DATAFILE="https://d17h27t6h515a5.cloudfront.net/topher/2017/February/5898cd6f_traffic-signs-data/traffic-signs-data.zip"
if [ -d "/tmp/traffic-signs-data" ]; then
    echo "Data already downloaded"
else
    echo "Downloading data from $DATAFILE"
    mkdir /tmp/traffic-signs-data
    curl -s -o /tmp/traffic-signs-data/traffic-signs-data.zip $DATAFILE
    (cd /tmp/traffic-signs-data && unzip traffic-signs-data.zip && rm -f traffic-signs-data.zip)
    (mv /tmp/traffic-signs-data/* .)
fi
""")

0

In [5]:
import numpy as np
import pandas as pd
import pickle
import os
import cv2
import random
import skimage.morphology as morp
from skimage.filters import rank
import matplotlib.pyplot as plt
import tensorflow as tf
import logging
logging.getLogger('tensorflow').disabled = True

In [6]:
train = pickle.load(open("train.p","rb"))
valid = pickle.load(open("valid.p","rb"))
test = pickle.load(open("test.p","rb"))

In [7]:
import csv
# Mapping ClassID to traffic sign names
signs = []
with open('signnames.csv', 'r') as csvfile:
    signnames = csv.reader(csvfile, delimiter=',')
    next(signnames,None)
    for row in signnames:
        signs.append(row[1])
    csvfile.close()

In [8]:
X_train, y_train = train['features'], train['labels']
X_valid, y_valid = valid['features'], valid['labels']
X_test, y_test = test['features'], test['labels']

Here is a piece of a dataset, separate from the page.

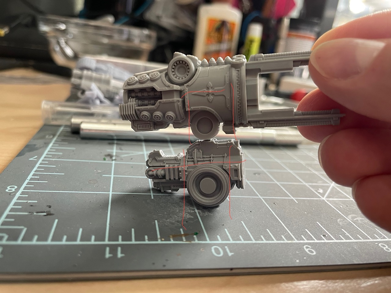 Finally, my current project is (still) converting a Warlord conversion beamer to fit on a Warbringer carapace mount. Finished cutting out portions of the old weapon, fitting the mounting point, backfilling everything I'd cut out around the mount, and building the trim back up with styrene & greenstuff. Once the trim greenstuff cures, it's all going to get a light sand & a filler layer of liquid greenstuff to smooth things out, and then I get to experiment with N-scale resin rivet decals!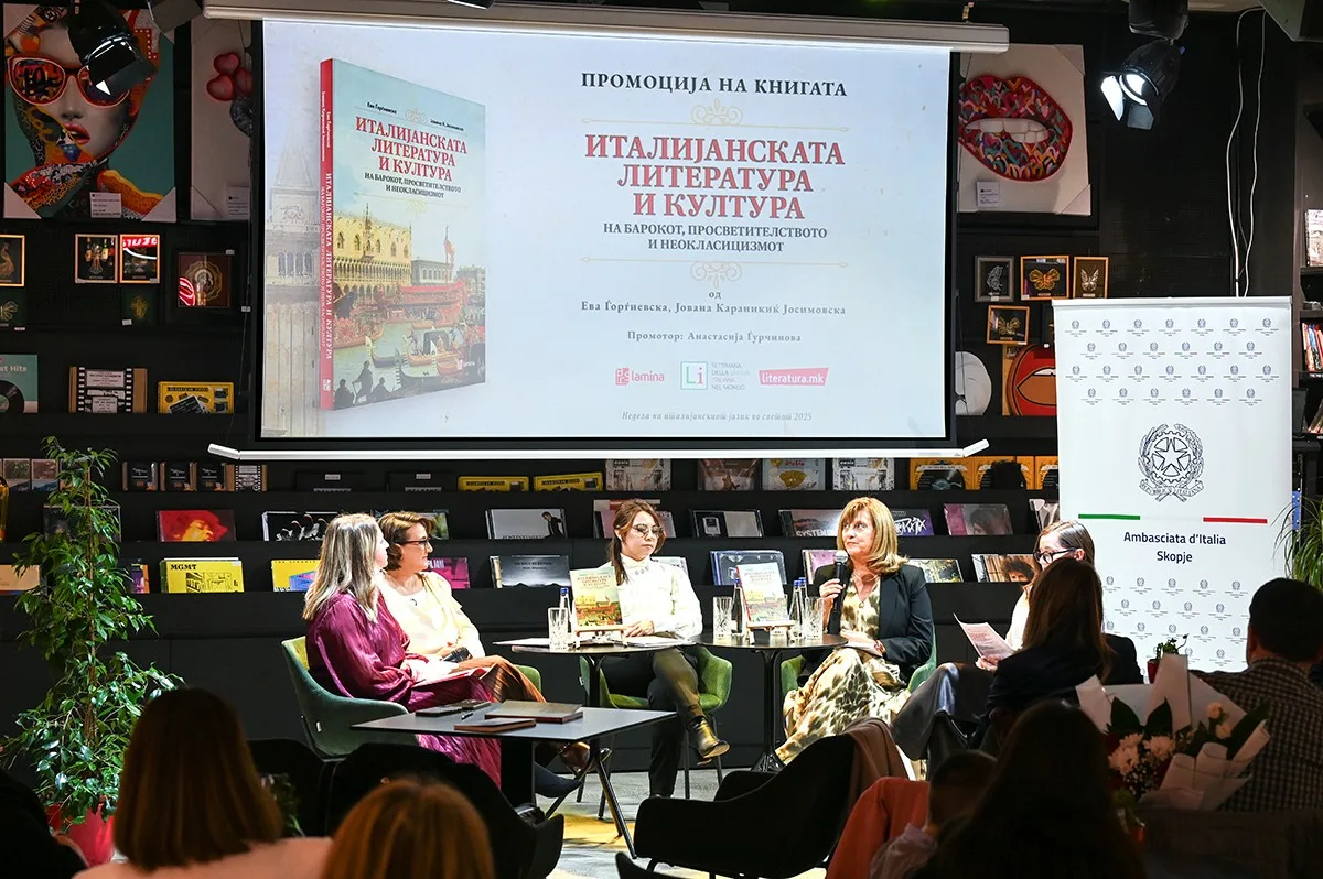 Поттикнати од потребата да се збогати наставата по италијанска книжевност со дело што на едно место ќе ги обедини најзначајните италијански автори и изданија од 17 до почетокот на 19 век, професорките од Филолошкиот факултет при Универзитетот „Гоце Делчев“ – Штип, проф. д-р Ева Ѓорѓиевска и проф. д-р Јована Караникиќ-Јосимовска, го создадоа делото „Италијанската литература и култура на барокот, просветителството и неокласицизмот“. Книгата, во издание на „Арс Ламина“, беше промовирана вчеравечер (29 октомври) во книжарницата „Литература.мк“ во „Дајмонд мол“.

# Number of training examples
n_train = X_train.shape[0]

# Number of testing examples
n_test = X_test.shape[0]

# Number of validation examples.
n_validation = X_valid.shape[0]

# What's the shape of an traffic sign image?
image_shape = X_train[0].shape

# How many unique classes/labels there are in the dataset.
n_classes = len(np.unique(y_train))

print("Number of training examples: ", n_train)
print("Number of testing examples: ", n_test)
print("Number of validation examples: ", n_validation)
print("Image data shape =", image_shape)
print("Number of classes =", n_classes)

Number of training examples:  34799
Number of testing examples:  12630
Number of validation examples:  4410
Image data shape = (32, 32, 3)
Number of classes = 43


In [9]:
X_train[0].shape

(32, 32, 3)

# Preprocess data

In [10]:
# define helper functions
def list_images(dataset, dataset_y, ylabel="", cmap=None):
    """
    Display a list of images in a single figure with matplotlib.
        Parameters:
            images: An np.array compatible with plt.imshow.
            lanel (Default = No label): A string to be used as a label for each image.
            cmap (Default = None): Used to display gray images.
    """
    plt.figure(figsize=(15, 16))
    for i in range(6):
        plt.subplot(1, 6, i+1)
        indx = random.randint(0, len(dataset))
        #Use gray scale color map if there is only one channel
        cmap = 'gray' if len(dataset[indx].shape) == 2 else cmap
        plt.imshow(dataset[indx], cmap = cmap)
        plt.xlabel(signs[dataset_y[indx]])
        plt.ylabel(ylabel)
        plt.xticks([])
        plt.yticks([])
    plt.tight_layout(pad=0, h_pad=0, w_pad=0)
    plt.show()
    
def histogram_plot(dataset, label):
    """
    Plots a histogram of the input data.
        Parameters:
            dataset: Input data to be plotted as a histogram.
            lanel: A string to be used as a label for the histogram.
    """
    hist, bins = np.histogram(dataset, bins=n_classes)
    width = 0.7 * (bins[1] - bins[0])
    center = (bins[:-1] + bins[1:]) / 2
    plt.bar(center, hist, align='center', width=width)
    plt.xlabel(label)
    plt.ylabel("Image count")
    plt.show()
    

def preprocess(data):
    """
    Applying the preprocessing steps to the input data.
        Parameters:
            data: An np.array compatible with plt.imshow.
    """

    # define these inline to workaround issue with SAME...
    def gray_scale(image):
        """
        Convert images to gray scale.
            Parameters:
                image: An np.array compatible with plt.imshow.
        """
        # workaround another weird SAME bug
        import cv2
        return cv2.cvtColor(image, cv2.COLOR_RGB2GRAY)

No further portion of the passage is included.